Госпожа камергер - страница 9

стр.

– Ну, бывал, так и что? – Анна опустила голову и смотрела на маленький томик Евангелия, который держала в руках. – По моему монашеству, от которого Синод меня избавить отказ принял, несмотря на ходатайство государя Александра Павловича, Михаил Андреевич жениться мог уж не раз, и невест ему богатых, собой пригожих предлагали много, особенно после окончания французского похода, когда государь его отличил за храбрость и ему доверил генерал-губернаторство над Петербургом. Только он мне верен остался, и род их прервался на нем…

– Я ж не про то речь веду, мог ли жениться твой Мишель или нет, – почувствовав, что она задела болезненную струну в сердце подруги, Лиза поспешила исправить промах, – вашей верностью друг дружке только изумлялась я всегда с восхищением. Я же про любовь духовную и телесную говорю, можно ли их разделить? И про благородство Кати Трубецкой, о котором ты меня упрекнула в непонимании.

– Я не упрекнула, – отвечала Анна, все также перебирая пальцами золоченый обрез Евангелия. – Я только лишь спросила, считаешь ли ты благородным деяние их?

– Возможно, считаю, – Лиза пожала плечами, выражая сомнение, – но прикидывая на себя, наверняка знаю, что сама так бы не смогла поступить. По сравнению с их просвещенностью, я – дикарка. А ты бы смогла? – Она прямо взглянула на Анну.

– Я тоже нет. – Анна подняла голову и в ее темно-голубых глазах, опутанных едва заметной сеткой мелких морщинок, стояли слезы. – Мы с тобой все же из другого времени, Лиза, из екатерининского царствования. Не забывай об этом. А время – оно меняется и никого не ждет…

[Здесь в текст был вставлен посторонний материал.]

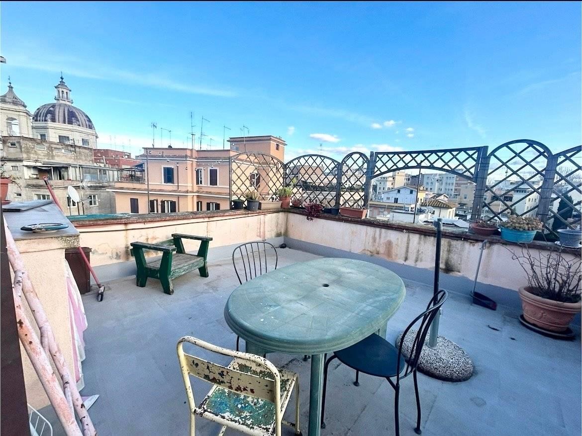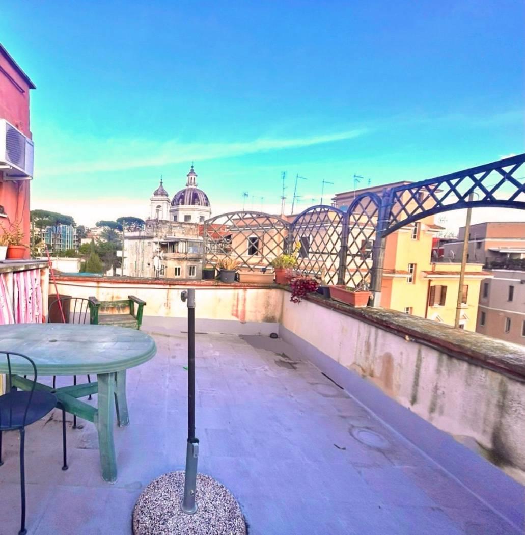 RARA OPPORTUNITA' - PONTE MILVIO - Più precisamente in via Prati della Farnesina 19, in zona ben servita da tutti servizi di prima necessità, proponiamo la vendita di un attico, in stabile di solo 4 immobili (Il fabbricato ha solo 2 proprietari in tutto) ed unico al piano, con affacci aperti, dominanti rispetto ai fabbricati circostanti e panoramici. NO ASCENSORE!! Internamente l'immobile è composto da ampia zona d'ingresso, camera da letto, un servizio e zona giorno con angolo cottura, con accesso su terrazzo esclusivo.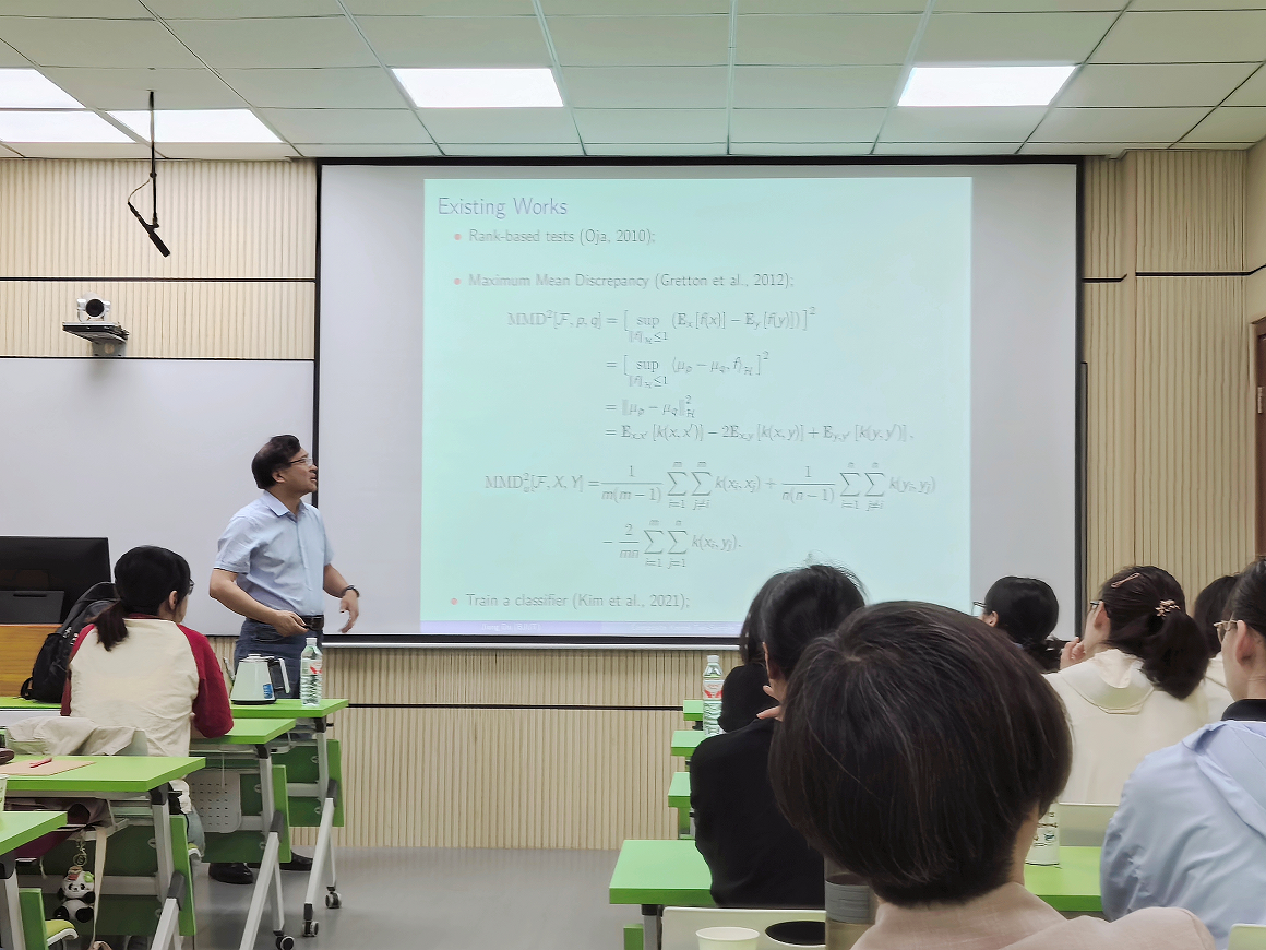 5月26日上午,北京工业大学杜江教授作了题为“Composite Kernel Two-Sample Tests”的学术报告,学院统计系教师、研究生和部分高年级本科生共同聆听本次报告。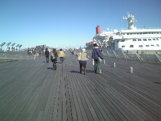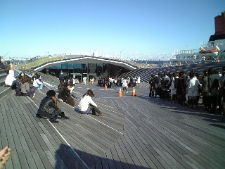 「桟橋」と呼ぶにはあまりにも規模がでかい、木で出来た大桟橋を進みます。おー!!だから「大さん橋ホール」なのか!!ピンヒールだったら、木と木の隙間にはまりそうだ。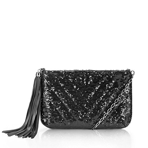 -. Feature : Dimensions: 9.25"L x 7.25"H x 1.5"W / Detachable cross body chain 21" drop / Color: Black Sequin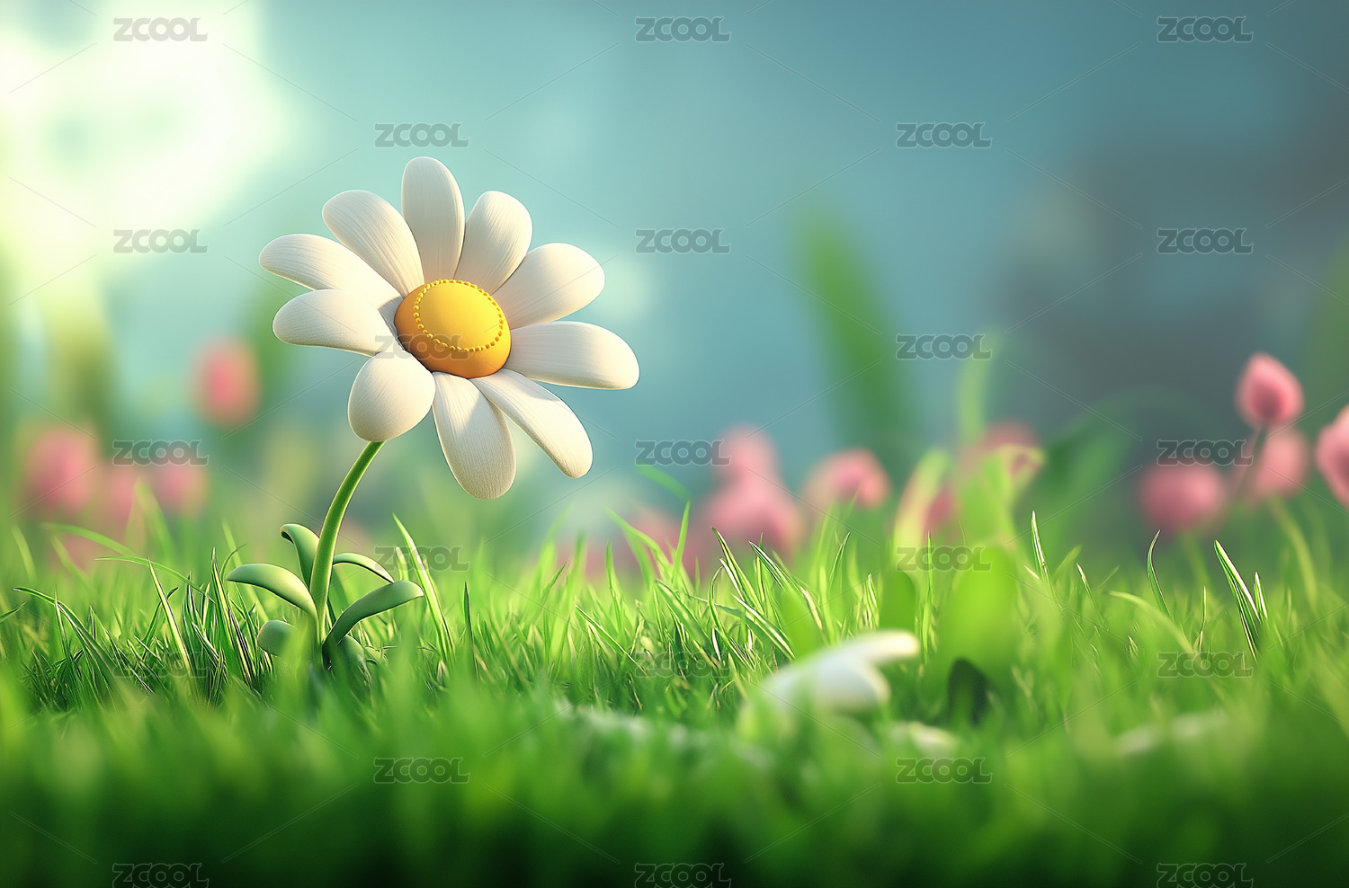 粉色雏菊,绿草,蓝天,白云,宁静,美景,自然风光,春天,夏天,清新

Степенный метрдотель, распоряжающийся столом, приказал ставить угощения: горячие пироги с ягодной начинкой трех видов открытые и закрытые, взвар из арбузов и дынь, протопленный с изюмом, французский зефир крем-брюле в шоколаде. Вслед за тем принесли и водрузили на стол пузатый, крытый серебром самовар, пышащий жаром. Зажгли свечи в трех золоченых канделябрах – под ними скатерть вспыхнула ослепительной белизной, а сервиз излучал радужное сияние, как будто выложенный опалом. Склонив голову, метрдотель доложил хозяйке, что все приготовления кончены, и княгиня Лиз, поднявшись из кресла, пригласила всех к столу.

Она сама села за самовар и, сняв перчатки, приготовилась разливать чай. Передвигая стулья и кресла с помощью расторопных и незаметных лакеев, небольшое общество разделилось на две части – у самовара с княгиней Лиз и на противоположном конце террасы, где оно состояло из двух старинных друзей – генералов Давыдова и Анненкова, переговаривающихся вполголоса. Разговор, как часто бывает за столом, в первые минуты колебался, перебиваемый предложениями чая, как бы отыскивая на чем остановиться, пока снова не обернулся к театру и происшествию в Сибири.

– Рахманова была и в самом деле необыкновенно хороша как актриса, – слышался сочный голос Давыдова, – она всегда так драматично падала в завершении спектакля…

– И почти всегда на руки кому-нибудь из обожателей, – закончила за него Лиза, наливая чай для княгини Анны, – это получалось у нее не только драматично, но и вполне волнующе для мужской части зала – юбки веером летели едва ль не до потолка…

– Не только для мужской, но и для женской, – ответил граф Анненков, подходя к ней: – Все дамы в этот момент сгорали от зависти – они же не могла себе позволить подобного, а значит, лишались мужских восторгов. Налей мне чаю, Лиза, – попросил он.

– Вы с Бурцевым и Давыдовым всегда сидели в первом ряду, – с улыбкой вспоминала княгиня, протягивая ему полную ароматную чашку. – Вам, надо полагать, там с юбками особо хороший вид открывался. А в последнем антракте Бурцев умудрялся раздобыть где-то столь огромный букет, что его за ним и самого углядеть было сложно. С ним он потом залезал на сцену, безжалостно круша своим немалым в размерах естеством декорации…

– Зато ты восседала в императорской ложе, – парировал Анненков, – и делала вид, что все, что происходит внизу, тебя вовсе не касается. Да и Рахманова играет – так себе…

– О, нет, нет, нет! – горячо запротестовал Давыдов. – Рахманова играла великолепно. Вспомните хотя бы «Дмитрия Донского» в постановке Озерова. Там Ксению играли мадемуазель Жорж и Рахманова по очереди. По правде, на француженку тошно было смотреть – так пресна и далека она была от понимания глубин русской души. Настасья же… – Он не закончил фразу и только глубоко вздохнул.